The increase was driven by demand for brands including Smirnoff vodka and Captain Morgan rum in the US and across emerging markets.
The group, which posted a 9% rise the same time last year, said today that it had made a "solid" start to its financial year in the July-September first quarter, with volume up 2%.
Underlying quarterly sales in North America, which accounts for around a third of group sales, grew by 6%.
Sales rose by 16% in its Latin America and Caribbean region, 11% in Africa and 2% in the Asia Pacific.
Europe sales declined by 1%. Double-digit percentage growth in sales across Turkey, Russia and Eastern Europe was dragged down by weak trading elsewhere.
The management statement noted that revenues in Southern Europe and Ireland continued to be impacted "by the economic situation in those markets" and that consumer demand in France was hit by January's duty increases.
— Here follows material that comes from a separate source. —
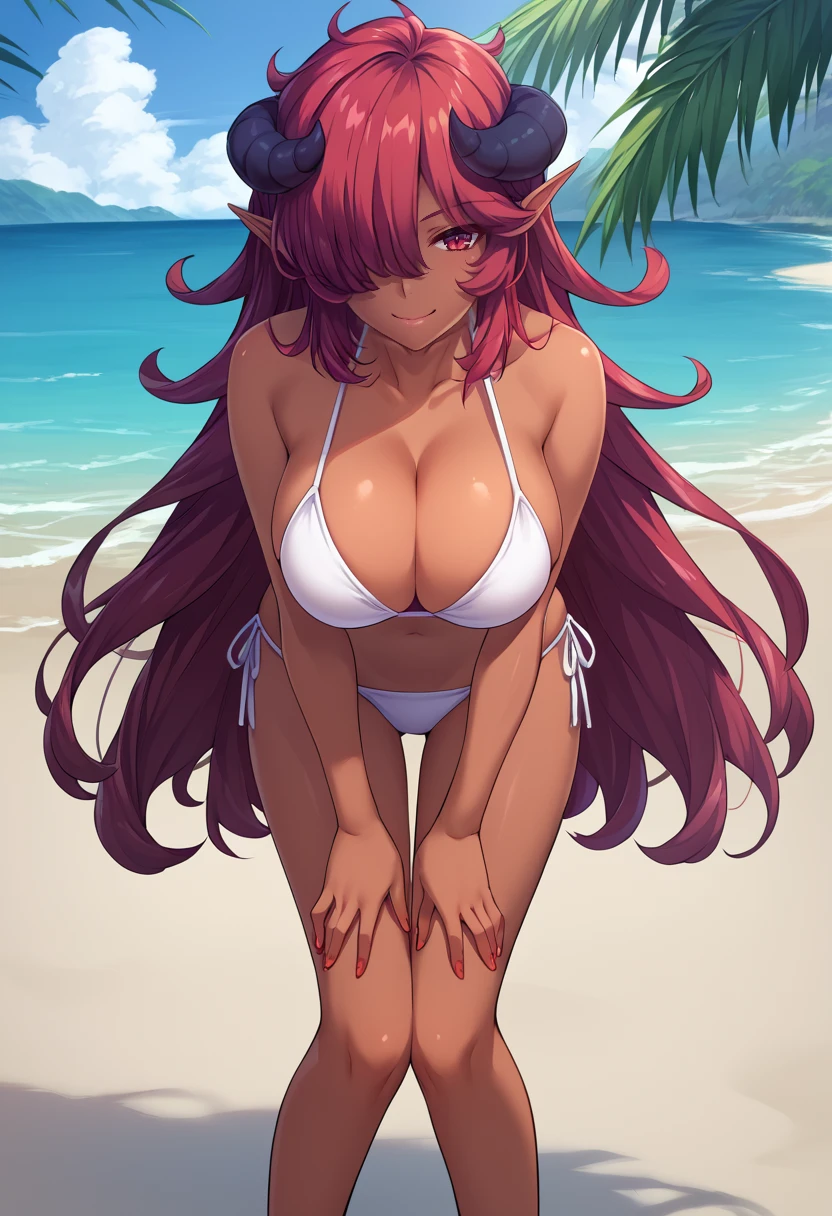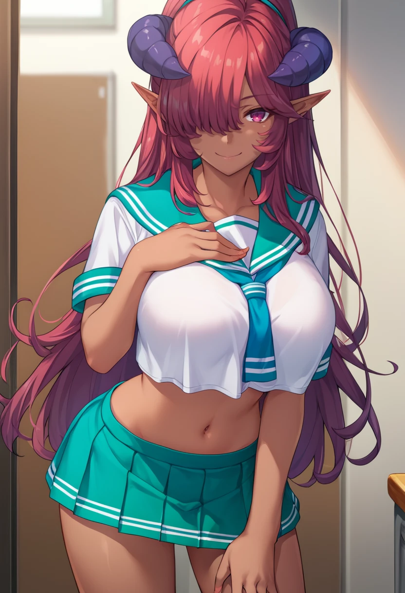 seira senga, dark skin, red hair, hair over one eye, demon horns, pointy ears, red eyes, large breasts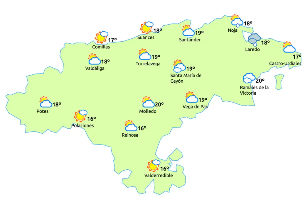 Temperaturas máximas y mínimas previstas: Cabezón de la Sal, 20 y 15 grados; San Vicente de la Barquera, 19 y 15; Santander, 19 y 16; Castro Urdiales, 19 y 15; Potes, 23 y 12; Reinosa, 18 y 7; y Torrelavega, 20 y 14 grados.

Underlying sales exclude the impact of acquisitions.
The maker of Guinness, Johnnie Walker whisky and Tanqueray gin expects half its turnover to come from fast-growing Asian, African and Latin American markets by 2015 compared with nearly 40% in its last financial year.
Diageo is in talks to acquire a stake in Indian billionaire Vijay Mallya's United Spirits Ltd, reviving an on-off courtship that would ramp up its presence in the world's largest whisky market.
The group, which has long coveted an expanded presence in India, is looking initially to buy a 15% stake from Mallya's UB Group, which owns about 28% of United Spirits, and a further 10% from other shareholders, one banker familiar with the matter told Reuters last month.
As part of its growth strategy, Diageo is also believed to be eyeing the acquisition of a minority stake in Mexican tequila maker Jose Cuervo from its owners, the Beckmann family.